[INFORMATION PROVIDED — start]
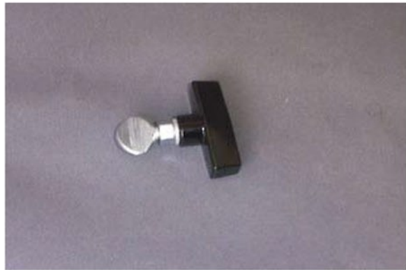
INJ-WR Quarter Turn Wrench
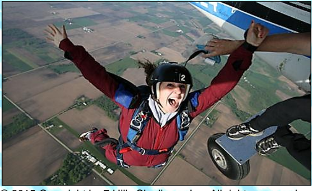
© 2015-Copyright by 7 Hills Skydivers, Inc. All rights reserved.

E-mail: mail@sevenhillsskydivers.org Web: www.sevenhillsskydivers.org
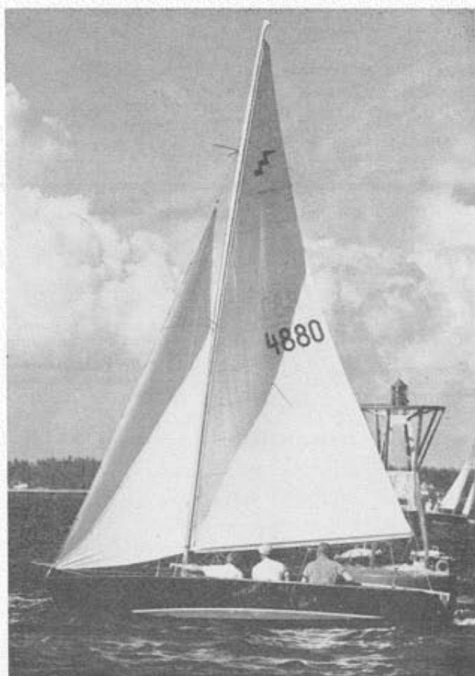
Dark Cloud rounding weather mark.
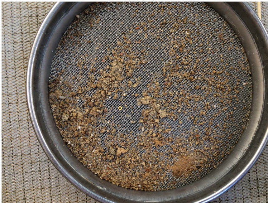
FIGURE 2. Golden bead of about 4 mm diameter recovered in the laboratory during the wet screening of soil masses from an otherwise poorly preserved jar burial of an infant.
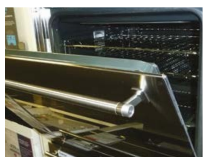
The handle on this oven sticks out and could catch on your clothes. The grill door also sticks out when it is open
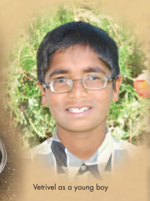
Vetrivel as a young boy
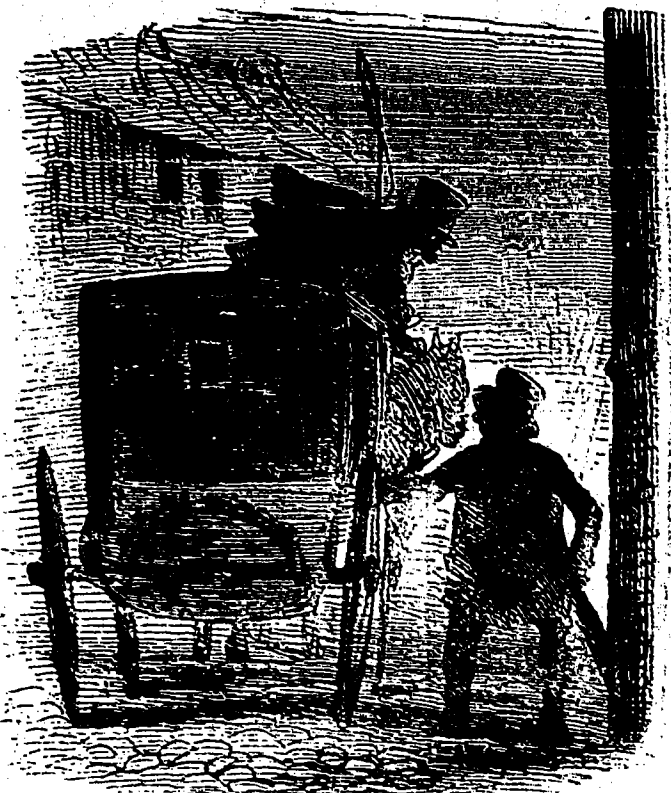
"See here! cabman, just wait a minute if you please, till I run into the house for a light; I have dropped a sovereign in the cab."
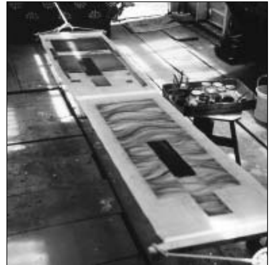
Studio-work in progress.
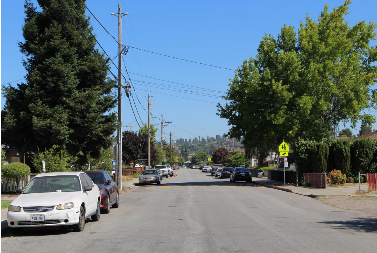
Anita Avenue at Rear Entrance to Castro Valley Elementary School: Looking North
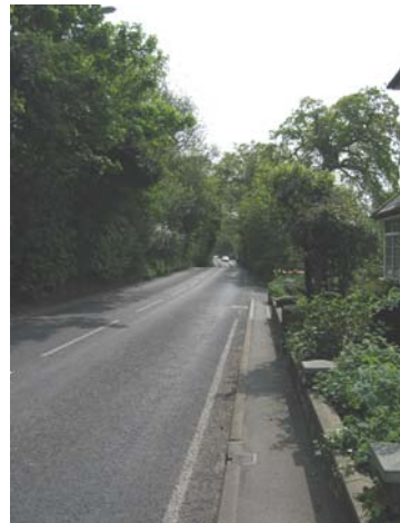
The gate out of The Hollows onto Church Road (left) and the end of the pavement at the start of Old Malden Lane (right)

Neither of the routes from The Hollows is ideal. The strategy highlights the importance of finding a safe and attractive route from Knollmead. Initially the proposed route was to follow the river parallel to Old Malden Lane. The path for this route is in a number of different ownerships, and although officers have sought to secure a walk along this route it seems unlikely in the foreseeable future. However, this situation will be monitored and potential opportunities regularly reviewed.
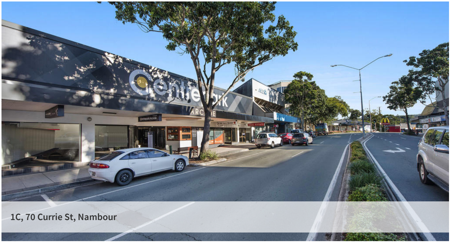
1C, 70 Currie St, Nambour
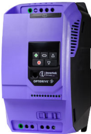
7.5HP VFD for 60GPM Pump Indoor
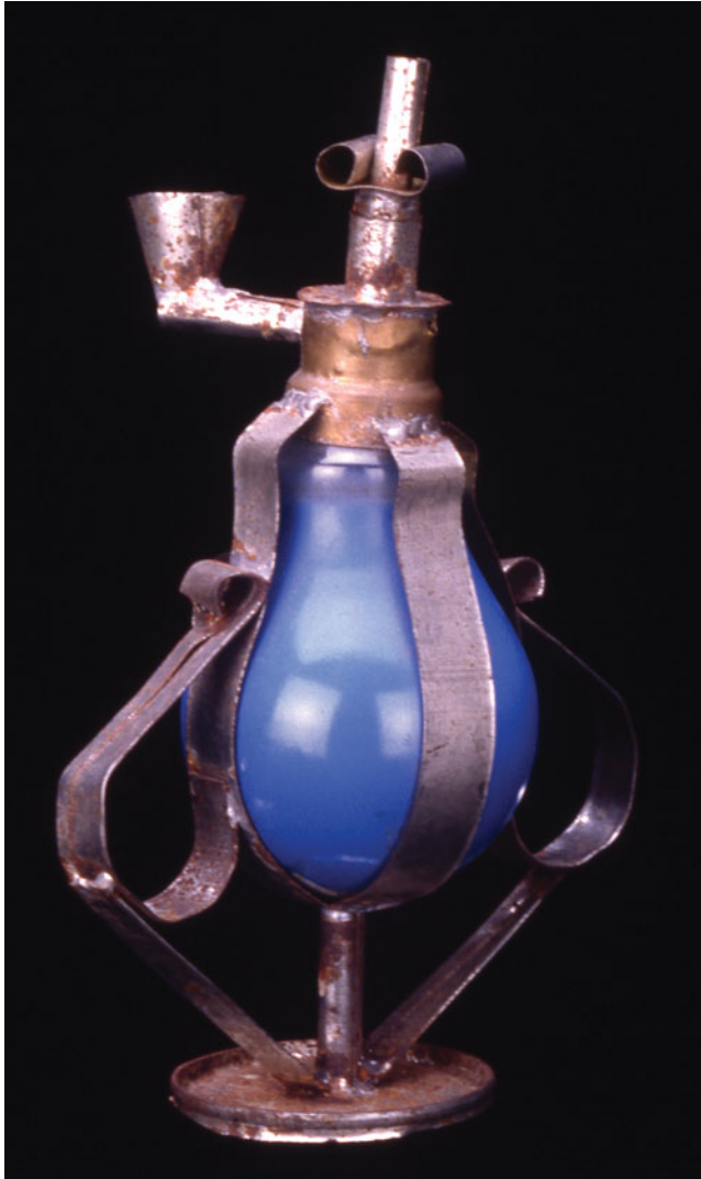
Figure 6. Oil lamp made from an electric light bulb and tin can, Kumase, Ghana.

anticipation of an electrification project that was now on indefinite hold (Godzich 2002). The lightbulbs sat around for awhile. Then the villagers—needing light—removed the metal base and filaments from the lightbulbs, let the inert gas out, filled the lightbulbs with kerosene or another fuel oil, fashioned a base out of Coke or beer cans discarded by the various experts and government officials who had visited the villages, and produced usable lamps.
[INFORMATION PROVIDED — finish]
Word for word, restate the lines above from the first through the one that contains "The gate out", and exclude all pictures.

INJ-WR Quarter Turn Wrench
© 2015-Copyright by 7 Hills Skydivers, Inc. All rights reserved.

E-mail: mail@sevenhillsskydivers.org Web: www.sevenhillsskydivers.org
Dark Cloud rounding weather mark.
FIGURE 2. Golden bead of about 4 mm diameter recovered in the laboratory during the wet screening of soil masses from an otherwise poorly preserved jar burial of an infant.
The handle on this oven sticks out and could catch on your clothes. The grill door also sticks out when it is open
Vetrivel as a young boy
"See here! cabman, just wait a minute if you please, till I run into the house for a light; I have dropped a sovereign in the cab."
Studio-work in progress.
Anita Avenue at Rear Entrance to Castro Valley Elementary School: Looking North
The gate out of The Hollows onto Church Road (left) and the end of the pavement at the start of Old Malden Lane (right)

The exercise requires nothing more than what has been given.